But we can make well educated guesses. I'm happy that a thin linen, silk or at the outside a very fine wool surcoat is what is depicted in the source material.

I think the question here is the weight of the fabric even, not the material used. I'd be very interested in seeing any sources where there is a hint that the type of surcoat I wore when I did the c1250 stuff is some kind of added layer of quilted or padded armour. Its the famous Matthew paris depiction. I chose one image and went for that. I did not fish around or use the many possible sources like a sears catalogue. How many extra layers would be needed to make some kind of valid difference to a blow's power vs the ability to move about?
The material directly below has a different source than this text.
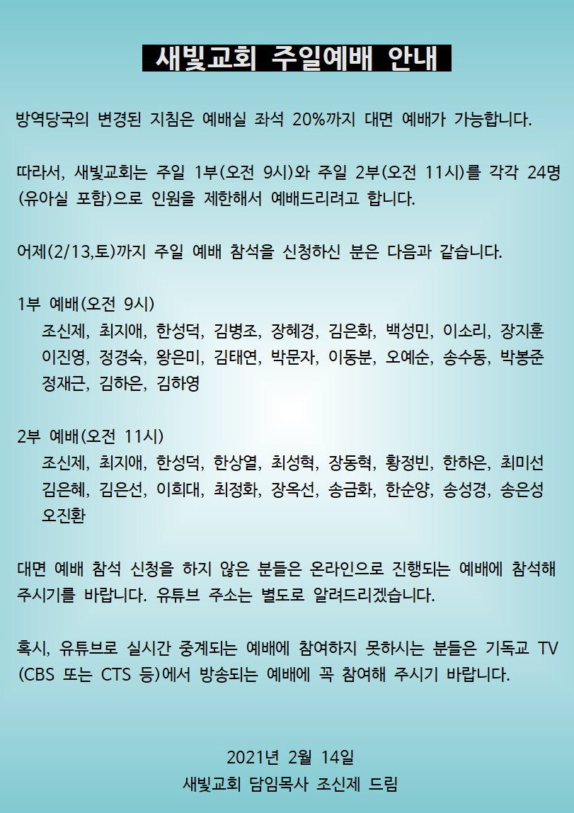 교회소식| 제 목 : 2021년 2월 14일 주일예배 안내 | 조회수 : 732 |

Certainly there are armoured surcoats, but if we are talking about say anything in the Chartres Rose windows i cannot see how those can be interpreted as anything other than a thin flowing garment.

I'm happy with my conclusions. Yes they are modern replicas. Let me know an alternative method of trying these things out.

Currently working on projects ranging from Stonehenge to a WW1 Tank, Magna Carta projects, Waterloo and several ongoing harness projects. Oh and we joust loads! We run over 200 events for English Heritage each year plus many others for Historic Royal Palaces, Historic Scotland, the National Trust and more. If you live in the UK and are interested in working for us just drop us a line with a cv.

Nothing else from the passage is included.